Despite the development of regional trauma centers, improved emergency transport systems to reduce the total time in shock, and aggressive resuscitation treatments, trauma patient mortality and morbidity remains high. Traumatic injury is the leading cause of death in subjects <44 years of age, resulting in over 150,000 deaths annually. Severe hypovolemia due to hemorrhage is a major factor in nearly half of those deaths. Furthermore, patients who survive the initial injury are at a high risk of developing subsequent multiple organ dysfunction syndrome and sepsis with a significant rate of late mortality in the ICU. More effective patient monitoring technology would identify patients at risk to develop organ failure and guide appropriate therapy.
Current monitoring required to assess hemodynamic function is often invasive and is limited to high acuity settings. Non-invasive monitoring conducive to lower acuity settings (i.e., areas of care where invasive and cumbersome monitoring techniques cannot be practically implemented) currently provides static, unidimensional, and isolated information of questionable utility.
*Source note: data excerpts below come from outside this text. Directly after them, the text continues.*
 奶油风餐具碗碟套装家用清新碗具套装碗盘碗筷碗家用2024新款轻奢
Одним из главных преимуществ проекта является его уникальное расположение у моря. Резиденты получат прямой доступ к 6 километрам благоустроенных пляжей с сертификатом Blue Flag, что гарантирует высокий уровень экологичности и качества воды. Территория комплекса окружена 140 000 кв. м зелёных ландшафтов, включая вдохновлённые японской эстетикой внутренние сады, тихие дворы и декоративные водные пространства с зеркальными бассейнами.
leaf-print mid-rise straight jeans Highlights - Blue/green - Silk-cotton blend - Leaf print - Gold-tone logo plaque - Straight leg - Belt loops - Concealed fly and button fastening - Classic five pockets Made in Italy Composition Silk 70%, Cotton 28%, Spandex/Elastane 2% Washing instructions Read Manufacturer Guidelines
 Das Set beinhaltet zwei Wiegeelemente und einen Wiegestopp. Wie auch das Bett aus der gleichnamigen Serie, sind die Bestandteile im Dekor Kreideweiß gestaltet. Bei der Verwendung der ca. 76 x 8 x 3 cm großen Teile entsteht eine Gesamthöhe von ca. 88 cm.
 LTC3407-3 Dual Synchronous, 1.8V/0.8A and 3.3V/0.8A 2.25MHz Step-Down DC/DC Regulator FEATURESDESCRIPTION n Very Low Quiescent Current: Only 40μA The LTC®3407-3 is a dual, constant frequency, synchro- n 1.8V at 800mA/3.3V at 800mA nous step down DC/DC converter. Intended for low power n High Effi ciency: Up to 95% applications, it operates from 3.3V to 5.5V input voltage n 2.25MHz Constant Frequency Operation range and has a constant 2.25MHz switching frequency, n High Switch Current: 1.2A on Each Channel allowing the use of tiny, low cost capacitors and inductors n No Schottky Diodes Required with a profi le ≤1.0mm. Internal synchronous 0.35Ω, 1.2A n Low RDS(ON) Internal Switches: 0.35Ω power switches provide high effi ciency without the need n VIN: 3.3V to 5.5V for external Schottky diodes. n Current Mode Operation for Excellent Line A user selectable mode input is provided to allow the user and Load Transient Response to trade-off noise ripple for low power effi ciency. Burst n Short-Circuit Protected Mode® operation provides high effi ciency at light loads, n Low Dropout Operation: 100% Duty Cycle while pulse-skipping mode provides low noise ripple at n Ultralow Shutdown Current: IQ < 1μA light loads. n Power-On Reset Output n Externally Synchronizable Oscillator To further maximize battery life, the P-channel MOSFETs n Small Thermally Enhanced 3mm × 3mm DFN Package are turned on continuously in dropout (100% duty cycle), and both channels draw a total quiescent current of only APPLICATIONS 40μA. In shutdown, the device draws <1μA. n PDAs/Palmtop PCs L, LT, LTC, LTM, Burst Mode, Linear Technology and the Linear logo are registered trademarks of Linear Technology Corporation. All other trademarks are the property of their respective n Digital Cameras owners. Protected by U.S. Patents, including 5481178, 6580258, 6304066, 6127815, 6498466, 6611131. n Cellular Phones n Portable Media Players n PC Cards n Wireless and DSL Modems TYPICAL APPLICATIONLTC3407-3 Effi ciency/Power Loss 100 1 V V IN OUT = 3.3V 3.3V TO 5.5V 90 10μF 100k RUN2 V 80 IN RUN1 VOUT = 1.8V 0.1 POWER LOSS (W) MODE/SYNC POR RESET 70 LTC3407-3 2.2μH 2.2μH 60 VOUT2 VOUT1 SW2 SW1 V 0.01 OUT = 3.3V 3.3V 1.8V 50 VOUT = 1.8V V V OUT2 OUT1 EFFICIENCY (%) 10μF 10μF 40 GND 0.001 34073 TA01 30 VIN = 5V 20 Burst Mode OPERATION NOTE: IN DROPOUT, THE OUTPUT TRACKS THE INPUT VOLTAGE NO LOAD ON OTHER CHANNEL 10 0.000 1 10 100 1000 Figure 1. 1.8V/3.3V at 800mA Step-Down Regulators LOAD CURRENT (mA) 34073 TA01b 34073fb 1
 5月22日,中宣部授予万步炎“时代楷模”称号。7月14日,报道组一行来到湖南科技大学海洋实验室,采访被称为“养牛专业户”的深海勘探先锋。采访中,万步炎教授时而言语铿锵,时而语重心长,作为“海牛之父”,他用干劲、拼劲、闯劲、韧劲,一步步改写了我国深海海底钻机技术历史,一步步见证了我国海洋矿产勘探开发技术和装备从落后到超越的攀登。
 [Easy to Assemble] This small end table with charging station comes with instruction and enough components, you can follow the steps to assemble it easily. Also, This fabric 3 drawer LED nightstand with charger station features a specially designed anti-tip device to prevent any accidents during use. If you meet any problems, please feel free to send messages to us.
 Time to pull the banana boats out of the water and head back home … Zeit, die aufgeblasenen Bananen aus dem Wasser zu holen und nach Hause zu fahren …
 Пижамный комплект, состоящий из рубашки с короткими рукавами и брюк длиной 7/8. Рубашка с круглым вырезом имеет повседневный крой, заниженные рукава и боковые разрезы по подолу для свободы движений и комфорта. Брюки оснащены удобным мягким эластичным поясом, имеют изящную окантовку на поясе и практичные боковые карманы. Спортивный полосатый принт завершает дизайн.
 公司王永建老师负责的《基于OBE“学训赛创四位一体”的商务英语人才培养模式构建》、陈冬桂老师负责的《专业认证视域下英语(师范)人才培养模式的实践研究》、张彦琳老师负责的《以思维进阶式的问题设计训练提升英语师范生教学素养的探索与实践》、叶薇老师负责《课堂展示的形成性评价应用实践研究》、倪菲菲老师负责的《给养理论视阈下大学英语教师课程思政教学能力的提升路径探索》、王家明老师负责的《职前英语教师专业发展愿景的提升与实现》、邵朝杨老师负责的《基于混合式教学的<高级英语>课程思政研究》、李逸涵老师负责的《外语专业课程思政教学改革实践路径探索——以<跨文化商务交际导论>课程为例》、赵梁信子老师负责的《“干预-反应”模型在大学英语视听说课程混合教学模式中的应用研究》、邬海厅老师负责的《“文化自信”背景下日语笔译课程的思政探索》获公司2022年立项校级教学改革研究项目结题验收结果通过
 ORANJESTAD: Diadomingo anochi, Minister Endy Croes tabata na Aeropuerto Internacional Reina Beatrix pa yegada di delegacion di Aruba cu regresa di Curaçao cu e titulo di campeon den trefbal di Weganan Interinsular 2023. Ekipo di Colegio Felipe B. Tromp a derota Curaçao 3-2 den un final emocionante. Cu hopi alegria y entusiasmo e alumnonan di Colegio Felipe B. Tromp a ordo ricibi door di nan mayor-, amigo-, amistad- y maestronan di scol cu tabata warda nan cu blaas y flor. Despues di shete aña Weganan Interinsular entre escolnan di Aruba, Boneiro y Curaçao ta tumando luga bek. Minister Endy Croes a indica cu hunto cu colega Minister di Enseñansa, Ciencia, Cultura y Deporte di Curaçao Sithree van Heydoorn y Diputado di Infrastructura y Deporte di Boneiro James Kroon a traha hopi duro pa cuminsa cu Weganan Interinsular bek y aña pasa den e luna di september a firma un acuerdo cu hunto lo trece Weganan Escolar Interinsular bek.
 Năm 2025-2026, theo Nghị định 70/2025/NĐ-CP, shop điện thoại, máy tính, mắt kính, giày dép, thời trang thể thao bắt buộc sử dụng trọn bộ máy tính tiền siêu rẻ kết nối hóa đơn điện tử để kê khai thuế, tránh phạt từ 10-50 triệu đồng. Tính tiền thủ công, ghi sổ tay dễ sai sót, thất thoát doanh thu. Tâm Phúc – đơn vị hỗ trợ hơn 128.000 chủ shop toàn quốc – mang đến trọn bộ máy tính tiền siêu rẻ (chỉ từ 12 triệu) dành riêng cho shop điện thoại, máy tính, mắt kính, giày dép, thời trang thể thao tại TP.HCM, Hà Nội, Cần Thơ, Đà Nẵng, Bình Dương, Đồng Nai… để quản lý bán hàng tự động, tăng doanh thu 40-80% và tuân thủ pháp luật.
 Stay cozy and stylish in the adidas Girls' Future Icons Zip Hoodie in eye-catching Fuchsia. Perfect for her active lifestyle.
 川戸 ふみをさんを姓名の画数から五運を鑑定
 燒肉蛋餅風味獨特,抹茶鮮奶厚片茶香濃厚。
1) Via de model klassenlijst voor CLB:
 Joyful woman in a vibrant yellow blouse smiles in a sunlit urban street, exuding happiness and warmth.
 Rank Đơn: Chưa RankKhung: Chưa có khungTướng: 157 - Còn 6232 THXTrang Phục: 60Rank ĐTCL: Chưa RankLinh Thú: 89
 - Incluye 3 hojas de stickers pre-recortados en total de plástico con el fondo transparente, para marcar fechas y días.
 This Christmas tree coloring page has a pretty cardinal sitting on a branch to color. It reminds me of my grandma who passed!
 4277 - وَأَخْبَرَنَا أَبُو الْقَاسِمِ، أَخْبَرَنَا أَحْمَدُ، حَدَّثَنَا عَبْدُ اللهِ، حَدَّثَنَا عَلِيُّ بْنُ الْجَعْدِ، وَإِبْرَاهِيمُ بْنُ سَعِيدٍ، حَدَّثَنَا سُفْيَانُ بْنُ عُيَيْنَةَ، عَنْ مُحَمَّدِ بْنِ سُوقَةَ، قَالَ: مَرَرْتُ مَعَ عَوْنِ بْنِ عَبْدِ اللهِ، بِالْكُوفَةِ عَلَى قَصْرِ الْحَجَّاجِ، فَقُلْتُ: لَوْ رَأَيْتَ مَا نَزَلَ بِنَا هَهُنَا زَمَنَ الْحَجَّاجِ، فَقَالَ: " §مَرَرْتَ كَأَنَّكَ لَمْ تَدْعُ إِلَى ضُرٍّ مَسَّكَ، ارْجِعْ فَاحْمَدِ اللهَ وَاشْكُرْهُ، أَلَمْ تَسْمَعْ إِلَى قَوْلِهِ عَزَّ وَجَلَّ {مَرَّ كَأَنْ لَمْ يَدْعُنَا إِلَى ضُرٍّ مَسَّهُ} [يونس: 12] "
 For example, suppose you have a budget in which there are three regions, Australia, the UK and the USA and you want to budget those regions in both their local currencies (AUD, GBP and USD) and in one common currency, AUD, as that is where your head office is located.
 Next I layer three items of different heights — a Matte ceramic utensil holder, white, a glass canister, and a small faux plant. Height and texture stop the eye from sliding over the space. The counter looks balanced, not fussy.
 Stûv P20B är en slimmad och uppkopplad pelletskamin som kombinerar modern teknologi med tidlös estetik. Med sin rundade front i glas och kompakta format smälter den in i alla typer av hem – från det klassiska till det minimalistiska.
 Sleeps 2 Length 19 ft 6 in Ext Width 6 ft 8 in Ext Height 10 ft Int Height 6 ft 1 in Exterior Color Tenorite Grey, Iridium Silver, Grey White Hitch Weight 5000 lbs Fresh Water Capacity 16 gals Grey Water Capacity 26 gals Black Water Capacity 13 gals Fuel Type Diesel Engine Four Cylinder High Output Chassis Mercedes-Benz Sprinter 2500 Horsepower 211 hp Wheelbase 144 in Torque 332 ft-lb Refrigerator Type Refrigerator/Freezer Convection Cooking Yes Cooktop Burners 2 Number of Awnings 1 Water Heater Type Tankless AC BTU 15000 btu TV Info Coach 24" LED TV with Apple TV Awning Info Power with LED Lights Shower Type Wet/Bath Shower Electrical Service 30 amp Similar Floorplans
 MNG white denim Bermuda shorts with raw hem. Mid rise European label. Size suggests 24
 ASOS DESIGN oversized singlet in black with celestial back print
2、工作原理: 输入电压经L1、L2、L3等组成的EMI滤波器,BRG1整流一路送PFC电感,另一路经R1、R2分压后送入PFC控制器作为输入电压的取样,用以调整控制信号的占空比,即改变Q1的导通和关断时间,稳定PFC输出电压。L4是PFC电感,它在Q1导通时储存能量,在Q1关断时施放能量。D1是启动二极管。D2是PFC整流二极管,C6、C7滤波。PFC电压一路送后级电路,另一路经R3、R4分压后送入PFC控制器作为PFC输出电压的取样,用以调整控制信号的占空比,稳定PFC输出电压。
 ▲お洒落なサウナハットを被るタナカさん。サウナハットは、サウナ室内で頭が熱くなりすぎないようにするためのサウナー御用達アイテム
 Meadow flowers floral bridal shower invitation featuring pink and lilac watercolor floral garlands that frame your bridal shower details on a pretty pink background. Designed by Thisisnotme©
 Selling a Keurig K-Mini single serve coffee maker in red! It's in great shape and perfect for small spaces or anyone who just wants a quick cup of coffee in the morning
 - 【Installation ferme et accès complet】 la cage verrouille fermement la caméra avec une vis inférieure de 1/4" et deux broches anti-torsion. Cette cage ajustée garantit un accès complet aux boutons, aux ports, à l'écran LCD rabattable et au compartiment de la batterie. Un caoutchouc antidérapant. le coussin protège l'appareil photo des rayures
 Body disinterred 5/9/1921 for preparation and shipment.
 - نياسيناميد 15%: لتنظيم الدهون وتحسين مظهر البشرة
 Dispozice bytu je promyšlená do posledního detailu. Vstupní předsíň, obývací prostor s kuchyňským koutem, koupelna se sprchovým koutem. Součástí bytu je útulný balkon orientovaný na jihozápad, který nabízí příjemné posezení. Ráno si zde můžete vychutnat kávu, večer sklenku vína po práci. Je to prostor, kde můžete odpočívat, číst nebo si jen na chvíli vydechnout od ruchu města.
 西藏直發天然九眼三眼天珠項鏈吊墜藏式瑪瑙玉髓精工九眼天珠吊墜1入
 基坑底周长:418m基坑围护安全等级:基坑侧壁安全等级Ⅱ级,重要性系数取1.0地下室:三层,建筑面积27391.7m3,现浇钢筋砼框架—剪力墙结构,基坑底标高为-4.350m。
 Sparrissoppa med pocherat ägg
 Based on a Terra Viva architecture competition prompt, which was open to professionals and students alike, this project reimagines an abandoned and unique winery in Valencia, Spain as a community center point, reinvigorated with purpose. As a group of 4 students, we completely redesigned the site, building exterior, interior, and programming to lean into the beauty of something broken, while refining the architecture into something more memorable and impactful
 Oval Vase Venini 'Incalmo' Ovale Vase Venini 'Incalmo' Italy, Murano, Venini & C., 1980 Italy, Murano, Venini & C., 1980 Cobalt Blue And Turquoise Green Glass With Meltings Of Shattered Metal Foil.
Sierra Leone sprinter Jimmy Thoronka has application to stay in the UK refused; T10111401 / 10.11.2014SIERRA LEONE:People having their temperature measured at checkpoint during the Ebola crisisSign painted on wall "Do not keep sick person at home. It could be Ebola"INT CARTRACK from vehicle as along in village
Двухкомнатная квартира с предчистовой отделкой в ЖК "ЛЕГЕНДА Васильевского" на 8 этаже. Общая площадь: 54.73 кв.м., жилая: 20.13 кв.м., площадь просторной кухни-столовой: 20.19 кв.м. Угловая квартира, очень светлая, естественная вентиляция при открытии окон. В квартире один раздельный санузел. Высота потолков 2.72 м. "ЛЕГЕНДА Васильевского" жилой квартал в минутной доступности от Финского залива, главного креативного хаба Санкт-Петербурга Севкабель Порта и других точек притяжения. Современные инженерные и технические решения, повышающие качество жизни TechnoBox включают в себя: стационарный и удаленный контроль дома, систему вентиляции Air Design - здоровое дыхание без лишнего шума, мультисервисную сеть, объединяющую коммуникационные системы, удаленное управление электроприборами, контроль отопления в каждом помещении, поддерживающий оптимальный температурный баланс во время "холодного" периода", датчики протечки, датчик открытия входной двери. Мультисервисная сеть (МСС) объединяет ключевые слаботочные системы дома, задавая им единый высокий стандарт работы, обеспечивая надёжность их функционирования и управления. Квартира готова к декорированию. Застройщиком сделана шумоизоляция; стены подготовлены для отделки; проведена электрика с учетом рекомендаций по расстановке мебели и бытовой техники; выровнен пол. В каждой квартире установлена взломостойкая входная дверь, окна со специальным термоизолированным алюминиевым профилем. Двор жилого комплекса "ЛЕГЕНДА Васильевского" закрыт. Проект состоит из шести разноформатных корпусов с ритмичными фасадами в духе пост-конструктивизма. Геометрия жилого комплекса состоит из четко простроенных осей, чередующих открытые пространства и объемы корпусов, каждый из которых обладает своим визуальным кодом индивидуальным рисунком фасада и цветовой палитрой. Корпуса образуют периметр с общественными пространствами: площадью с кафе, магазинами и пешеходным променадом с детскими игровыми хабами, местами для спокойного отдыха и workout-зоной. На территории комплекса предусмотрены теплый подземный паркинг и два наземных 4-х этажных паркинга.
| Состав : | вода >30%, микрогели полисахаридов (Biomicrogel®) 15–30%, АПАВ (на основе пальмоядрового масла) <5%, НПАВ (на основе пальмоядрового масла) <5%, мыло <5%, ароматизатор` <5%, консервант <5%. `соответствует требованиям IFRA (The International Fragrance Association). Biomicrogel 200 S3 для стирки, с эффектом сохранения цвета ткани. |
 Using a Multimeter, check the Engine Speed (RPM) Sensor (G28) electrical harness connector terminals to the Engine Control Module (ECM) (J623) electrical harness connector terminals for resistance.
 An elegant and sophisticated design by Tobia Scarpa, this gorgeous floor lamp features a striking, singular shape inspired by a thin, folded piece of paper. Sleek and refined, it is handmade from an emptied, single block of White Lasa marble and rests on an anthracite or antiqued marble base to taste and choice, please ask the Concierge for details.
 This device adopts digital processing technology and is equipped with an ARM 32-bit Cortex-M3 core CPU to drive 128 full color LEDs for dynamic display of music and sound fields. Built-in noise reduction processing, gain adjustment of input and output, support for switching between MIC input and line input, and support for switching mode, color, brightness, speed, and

Severe shock associated with trauma is characterized by a decreased circulatory blood flow that does not meet the metabolic demands of the body. Shock is the result of a vast array of processes with different time courses, degrees of cardiovascular compensation, monitoring needs, pathophysiologies, treatments, and outcomes. However, in all cases, prolonged and unrecognized impaired tissue perfusion will cause organ injury, increased morbidity, and death. Circulatory shock occurs from any of a variety of causes, but has as its hallmark inadequate tissue perfusion such that ischemic dysfunction and organ injury inevitably develop. If tissue hypoperfusion is not reversed by intravascular fluid resuscitation and/or pharmacologic support aimed at restoring normal cardiac performance and vasomotor tone, organ failure and death occur. However, only half of the patients with cardiovascular insufficiency increase their cardiac output in response to volume loading. Thus, it is important to identify which patients are preload-responsive (i.e. they will increase their cardiac output in response to fluid resuscitation) because giving fluid resuscitation to a patient who is not preload-responsive will not improve their circulatory status and delays effective treatment. Delaying treatment results in organ injury and intravascular volume overload, which induces acute right ventricular failure (acute cor pulmonale) and pulmonary edema, both of which can compromise normal homeostatic mechanisms and induce circulatory shock and death.
The prior art has at least three major deficiencies. First, the devices available to monitor a patient's systemic stability are quite insensitive. Second, the mechanisms for monitoring such patients requires that patients are either mechanically ventilated or are in an environment in which only crude maneuvers may be implemented to perturb the cardiovascular system, such as by raising a leg or abdominal compressions. Finally, the output generated by currently available devices requires skilled care providers to interpret the output and to decide appropriate actions or treatment protocols.
Thus, there is a need for a device that can transform insensitive signals into something meaningfully related to the subject's systemic state. There is also a need for a method that can be implemented in a spontaneously breathing subject and/or avoids the inconvenience of physical maneuvers to perturb the cardiovascular system. Finally, there is a need for a device that can be used by a less skilled care provider, such as emergency response personnel, so that critically ill patients receive effective treatment quickly.